Objective smartphone data were collected using an application developed specifically for the project called Activity Logger (Geyer, 2018). This ran on Android devices and collected data to the resolution of 1 s. Activity logger was set up to listen to three events: the phone being turned on, the screen being activated, and the screen being turned off. Background operations then took this information, retrieved the current time stamp, and stored this in internal memory. This data file was then exported via the application and contained a list of records where a UNIX time stamp was paired with an event stating whether the screen was turning “ON” or “OFF.” Source code for the application is available to download (https://osf.io/a4p78/).
To gather estimates of daily smartphone screen time, participants were asked one question: Think back to days 2–8 of the study. On average, how many hours a day did you spend on your smartphone? Participants responded in hours and minutes. To measure people’s estimates of how many times a day they “picked up” their device, participants were asked the following: Think back to days 2–8 of the study. On average, how many individual times did you use your smartphone a day? Think of these as individual pickups.
PSU was measured using the smartphone addiction scale (SAS), which contained 33 items (Kwon et al., 2013). Participants rated the extent to which they agreed to several statements, for example, Feeling pleasant or excited while using a smartphone.
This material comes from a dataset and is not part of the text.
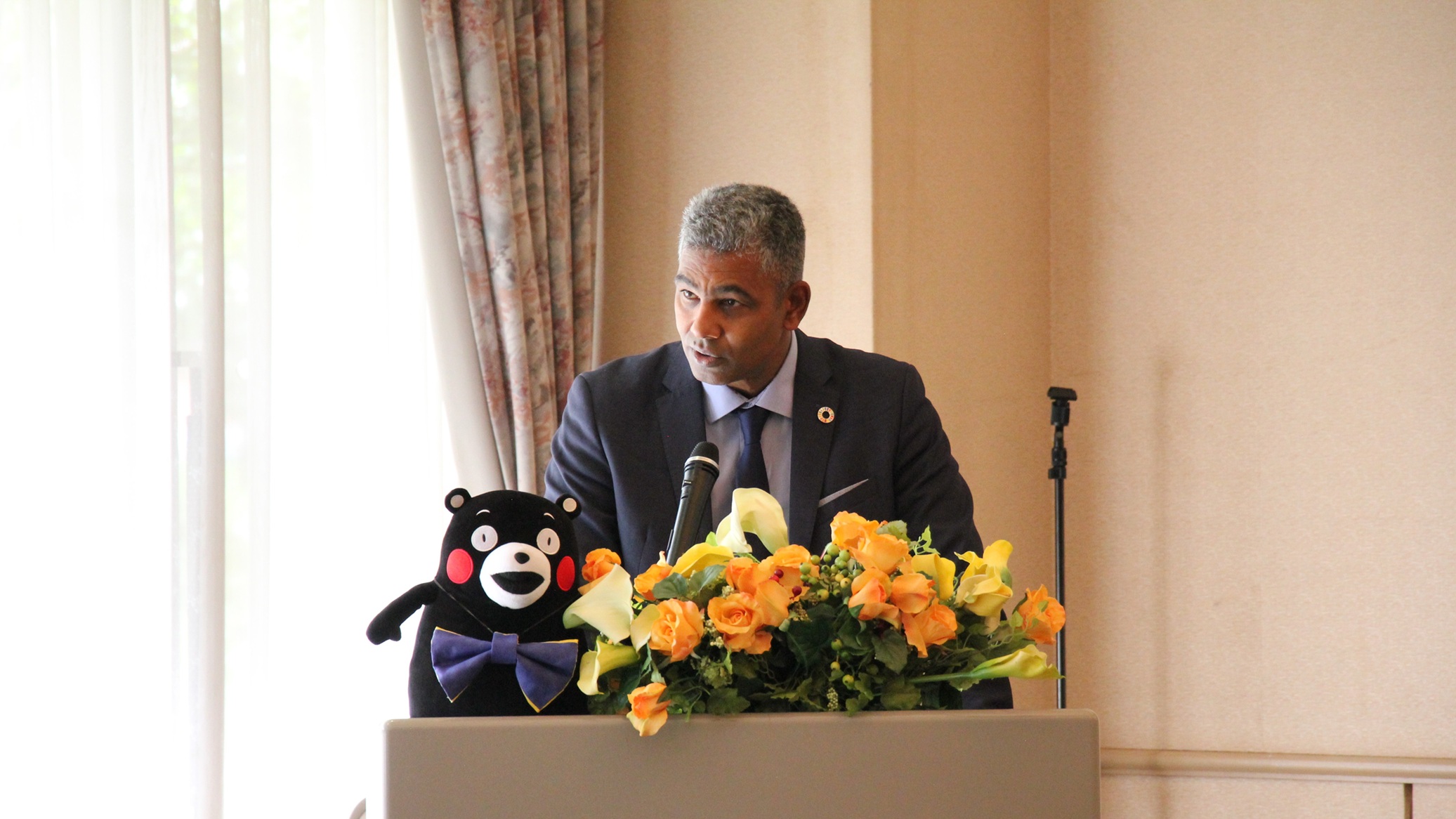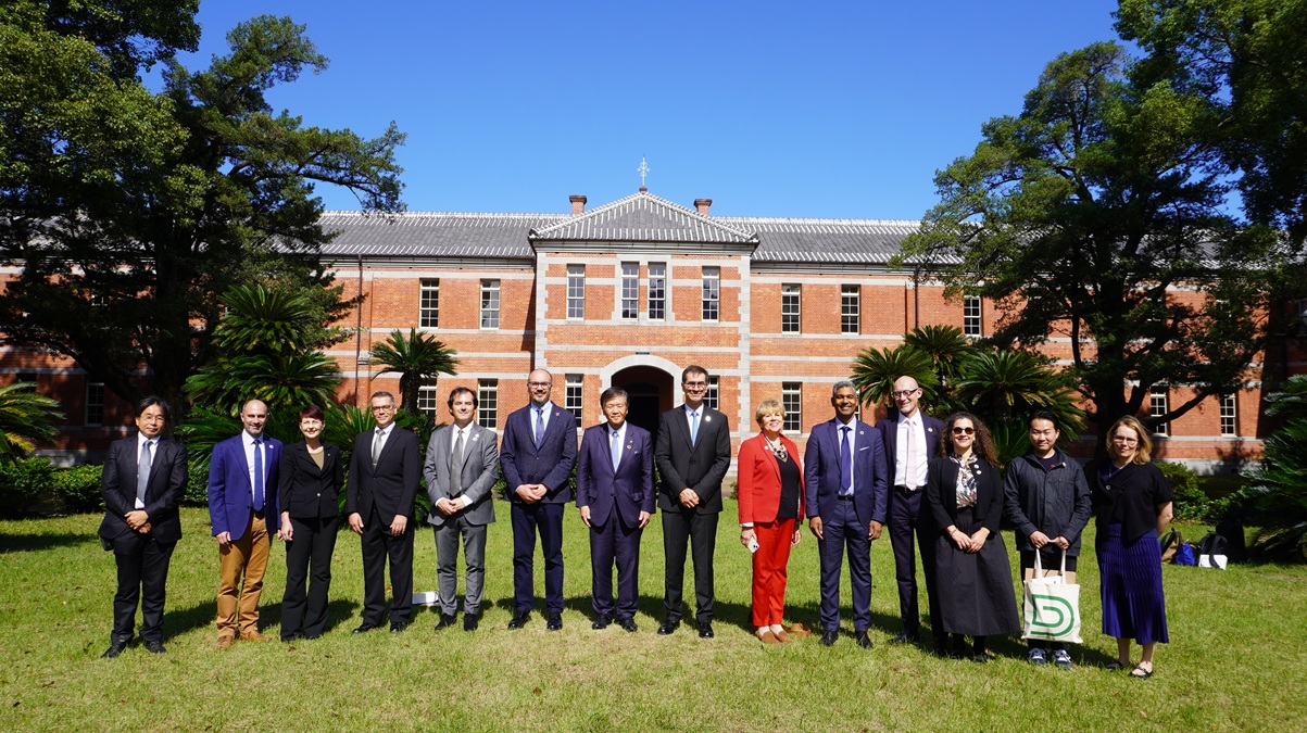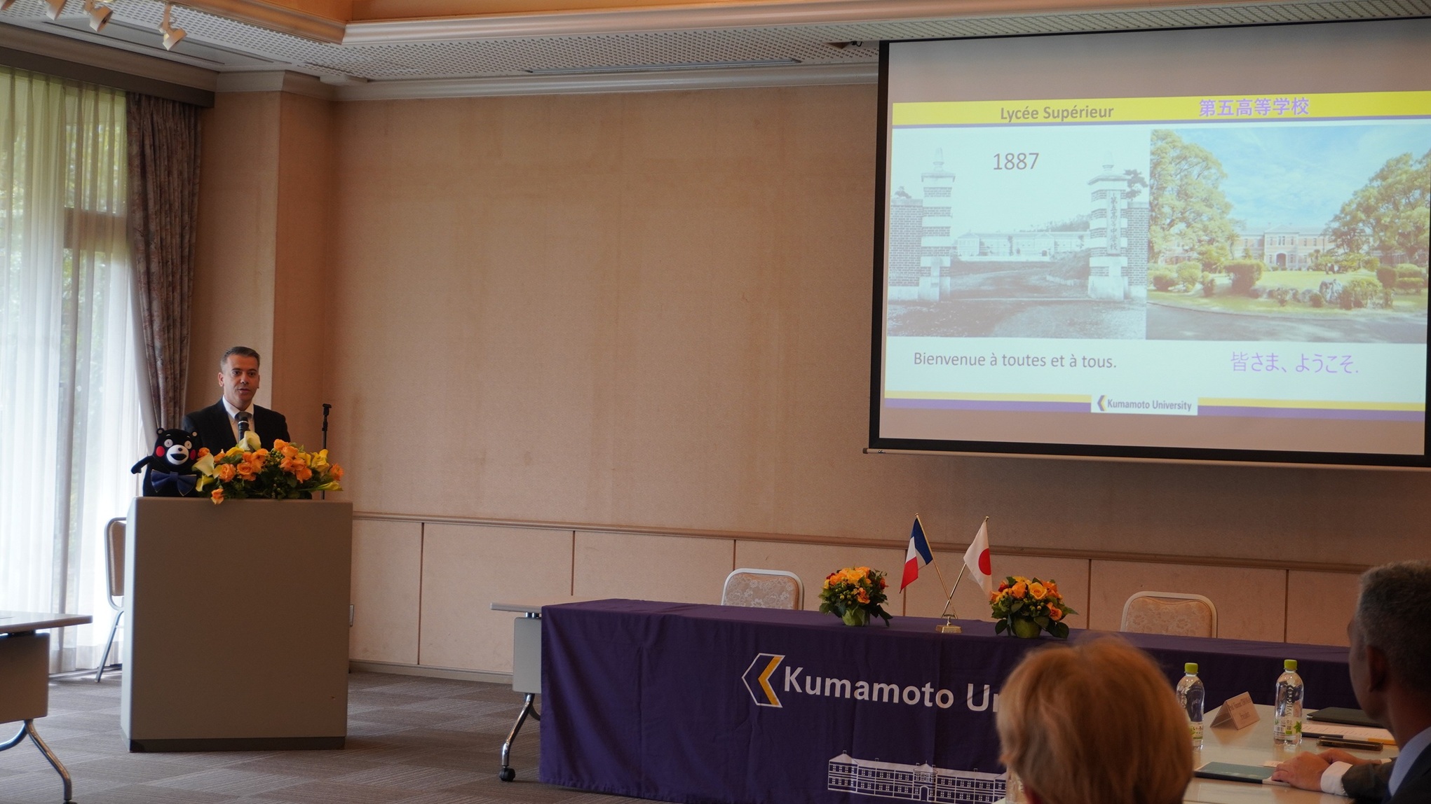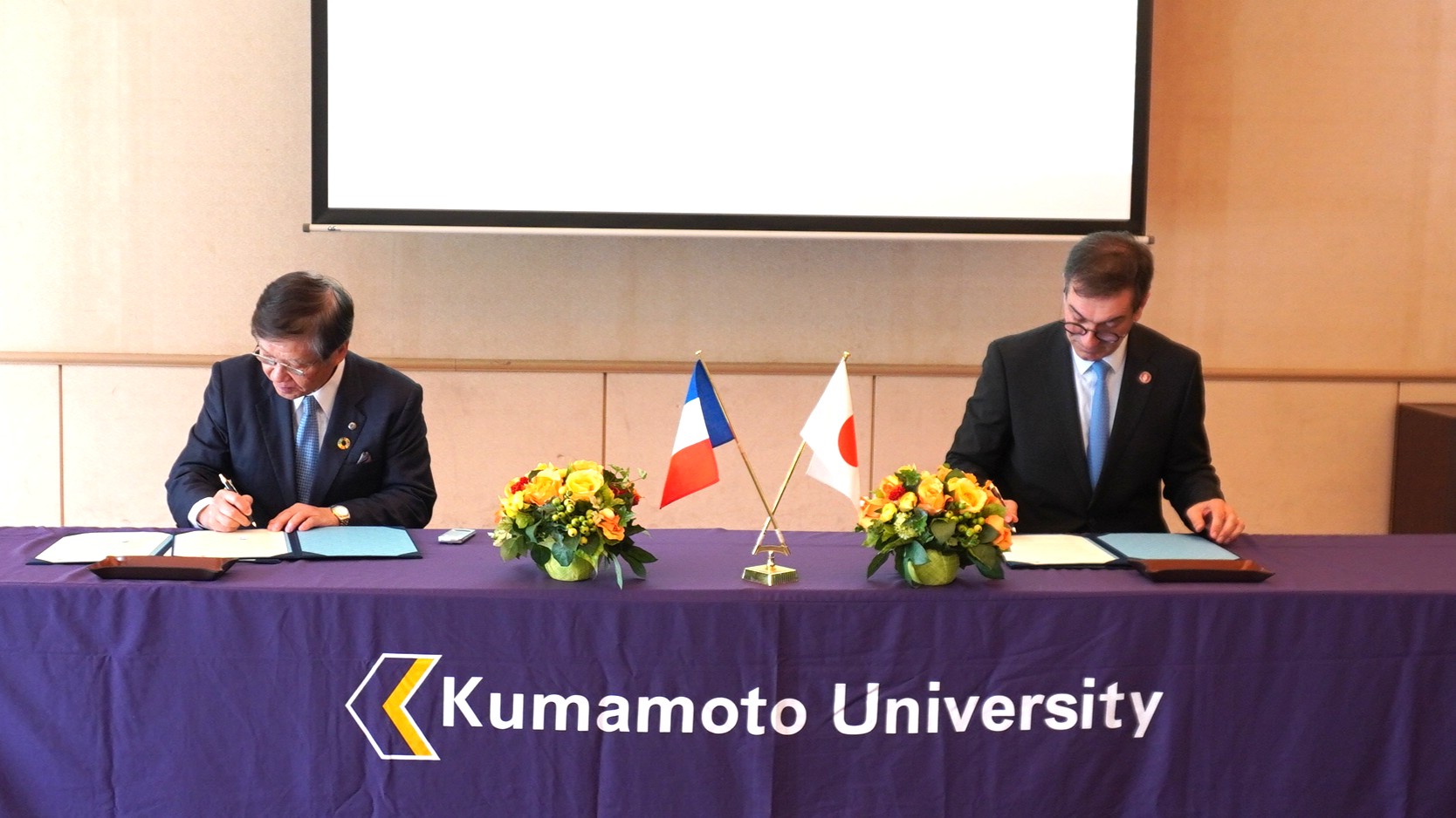 On October 23, a signing ceremony was held at Kusunoki Hall, Kurokami North Campus, to formalize the inter-university exchange agreement between Kumamoto University and Université Bourgogne Europe (France). The ceremony was attended by distinguished representatives from both institutions, including President Vincent Thomas and Vice President Grégory Wegmann alongside several other representatives from Université Bourgogne Europe. Also present were notable guests from Dijon Métropole, the home region of the university, including Deputy Mayor of Dijon and Councillor of Dijon Métropole Mr. Denis Hameau and Ms. Lydie Pfander-Meny, alongside several other representatives from the Dijon Métropole. From Kumamoto University, the ceremony was attended by President Hisao Ogawa, Executive Vice President Jun Otani, and three faculty members.Following the opening remarks from President Ogawa, President Thomas, and Deputy Mayor Hameau, Professor Michel Sagaz from the Faculty of Humanities and Social Sciences presented an overview of Kumamoto University, as well as the background of the partnership agreement, delivered in French.

Participants responded on a 6-point Likert-scale ranging from “Strongly Agree” (1) and “Strongly Disagree” (6). Higher scores indicated greater addiction risk. This scale was chosen because it is widely cited and correlates highly with a variety of other PSU measures, which all appear to measure the same construct (Davidson et al., 2020; Ellis et al., 2019; Thomée, 2018).
Symptoms of anxiety were measured using the GAD-7 (Spitzer et al., 2006) and included seven items. Participants were asked how often in the last two weeks have you been bothered by… and responded on a 4-point scale, whereby 0 = “Not at all” and 3 = “Several Days.” Using >10 as a cutoff point, the GAD-7 has been shown to have 89% sensitivity and 82% specificity with a diagnosis of general anxiety disorder (Kroenke et al., 2007).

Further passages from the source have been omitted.